● Problem requirements:
Leaving the pictures aside, repeat every line below exactly.

● Data below:
◇ ◇ ◇

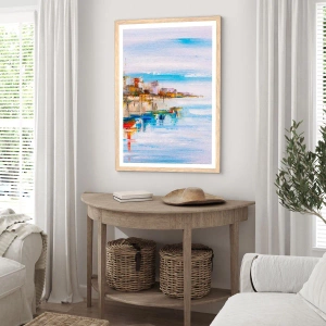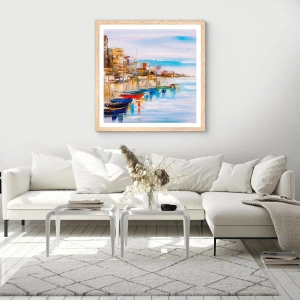 Póster en marco roble claro - Puerto urbano multicolor - 60x60 cm
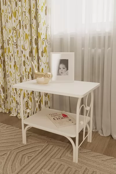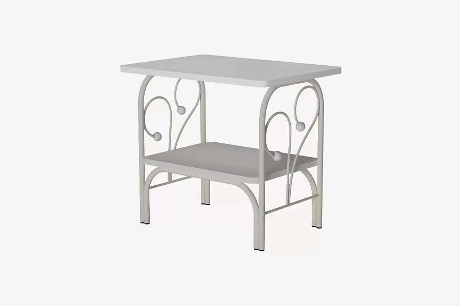 Изящная прикроватная тумба имеет металлический каркас, а столешница и полочка выполнены из ЛДСП.
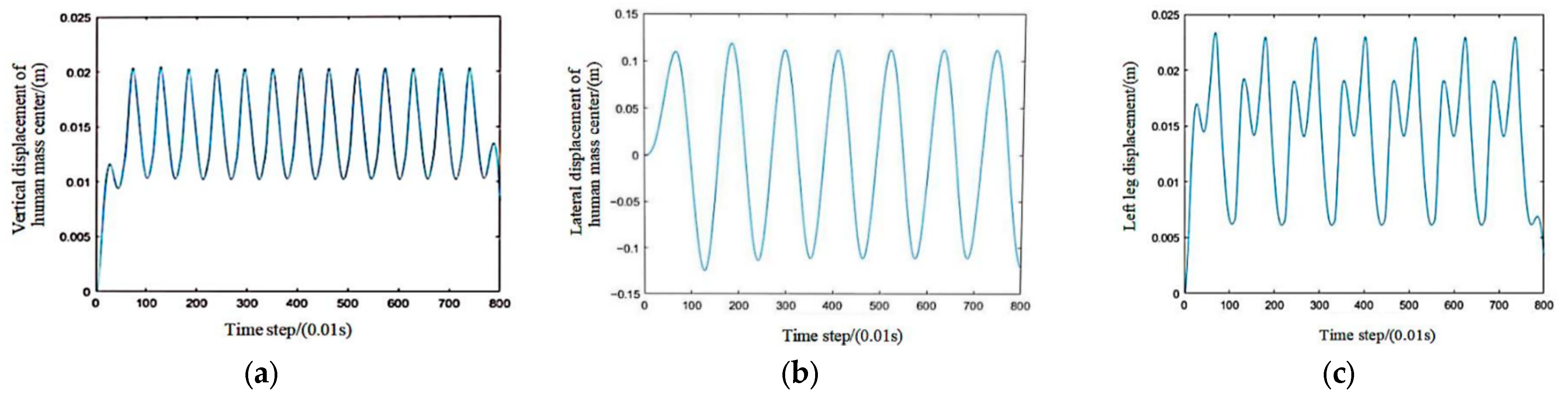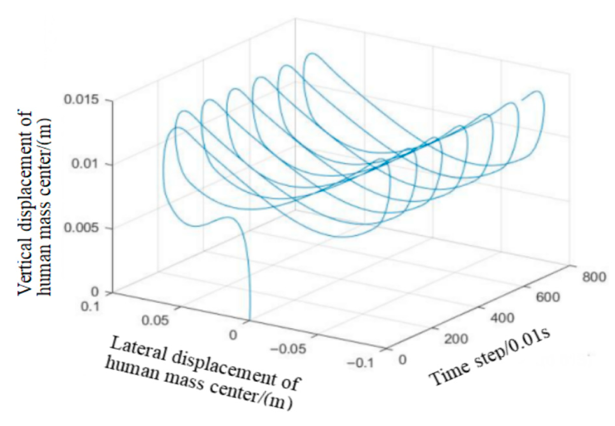 (1) Through comparison and validation with existing research results and empirical data, the accuracy of the single-person bidirectional multi-degree-of-freedom biomechanical model established in this study and the pedestrian movement path derived using the cellular automaton principle, which considers static fields, dynamic fields, and repulsion fields to simulate interactions between pedestrians, is confirmed.
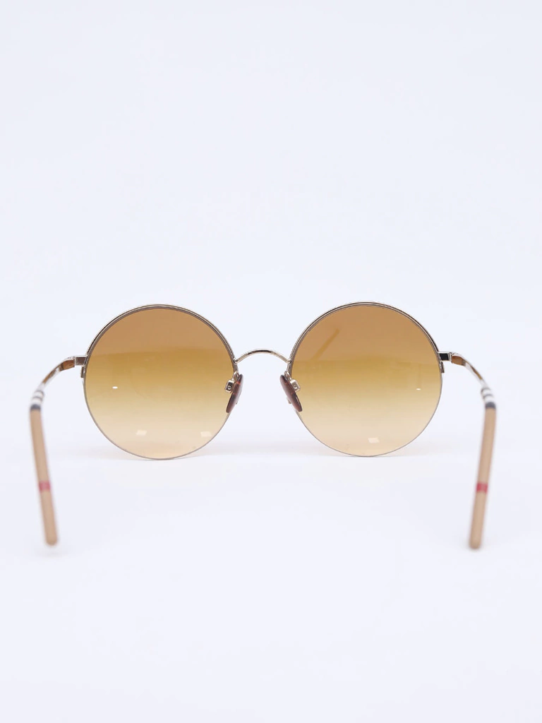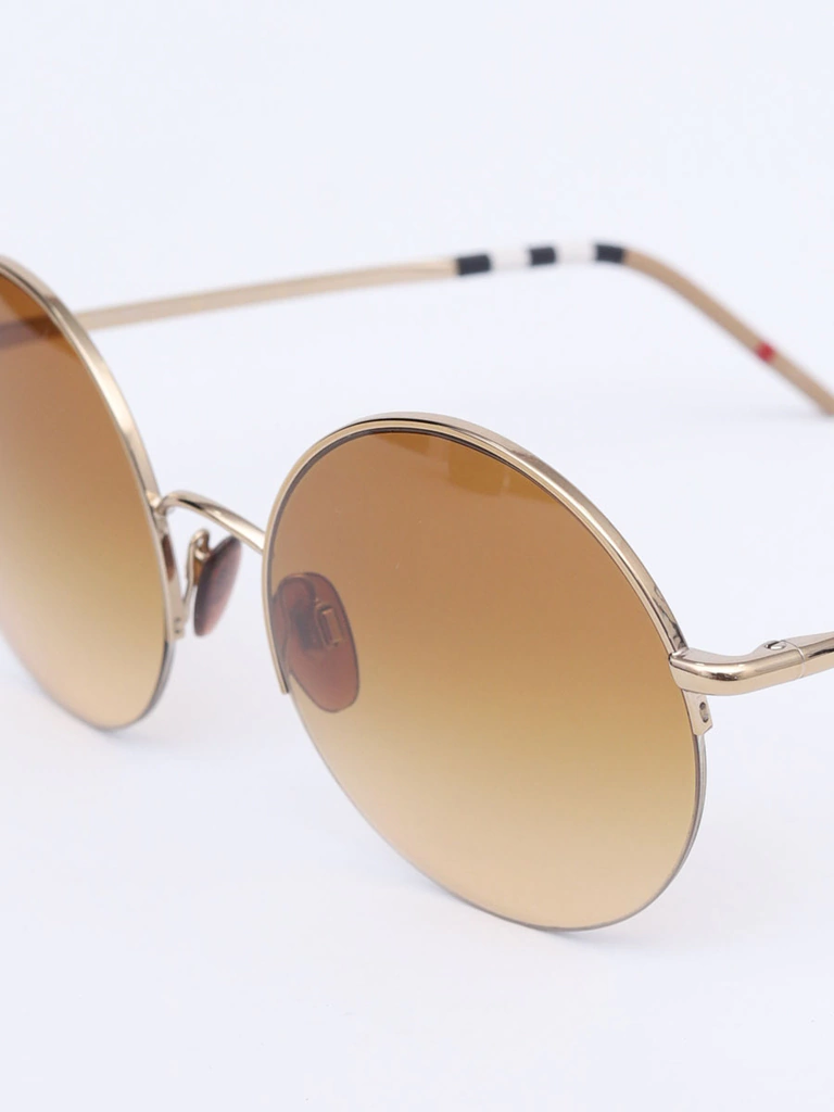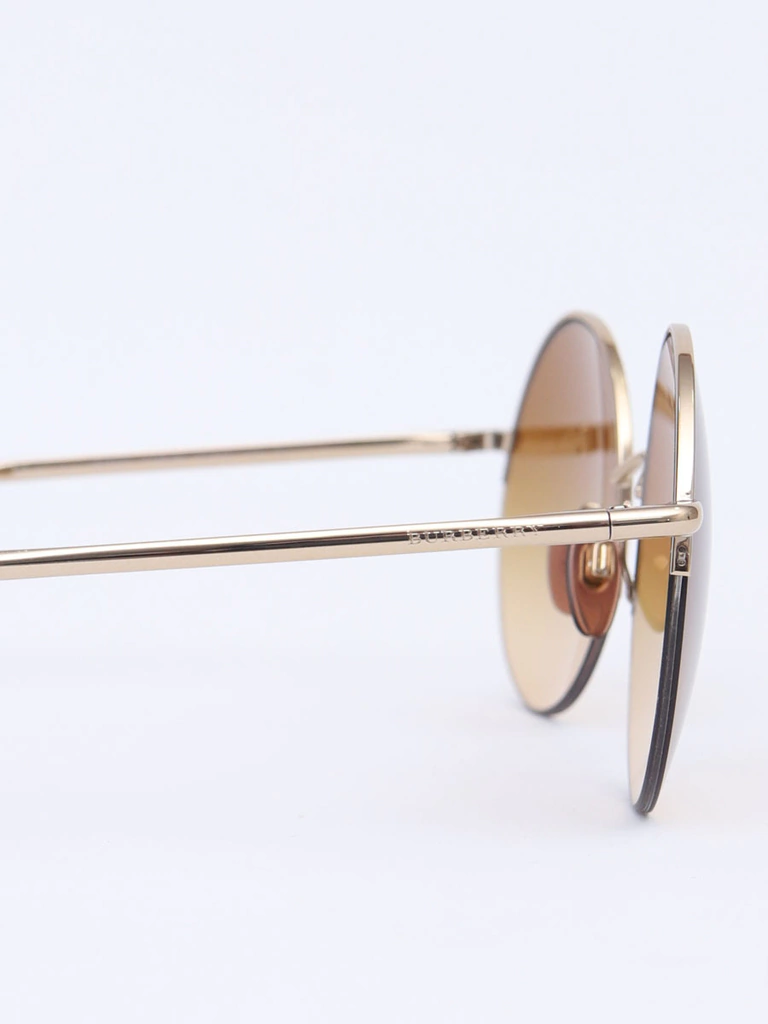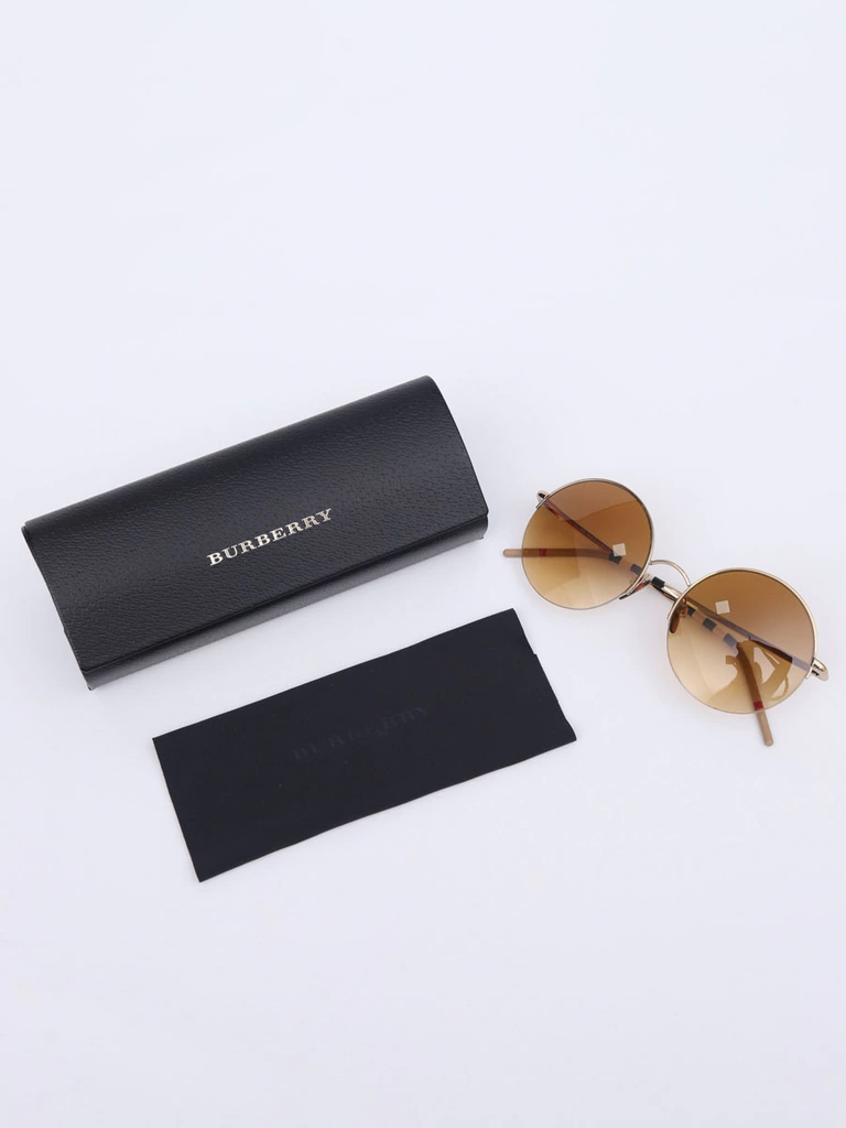 Óculos de Sol Autêntico Burberry B3101com armação em metal e lentes degradês arredondadas na cor marrom, apresenta metais dourados e hastes com estampa Burberry. Óculos sem sinais de uso e sem riscos na lente.

◇ ◇ ◇

● Written response:
 Póster en marco roble claro - Puerto urbano multicolor - 60x60 cm
 Изящная прикроватная тумба имеет металлический каркас, а столешница и полочка выполнены из ЛДСП.
 (1) Through comparison and validation with existing research results and empirical data, the accuracy of the single-person bidirectional multi-degree-of-freedom biomechanical model established in this study and the pedestrian movement path derived using the cellular automaton principle, which considers static fields, dynamic fields, and repulsion fields to simulate interactions between pedestrians, is confirmed.
 Óculos de Sol Autêntico Burberry B3101com armação em metal e lentes degradês arredondadas na cor marrom, apresenta metais dourados e hastes com estampa Burberry. Óculos sem sinais de uso e sem riscos na lente.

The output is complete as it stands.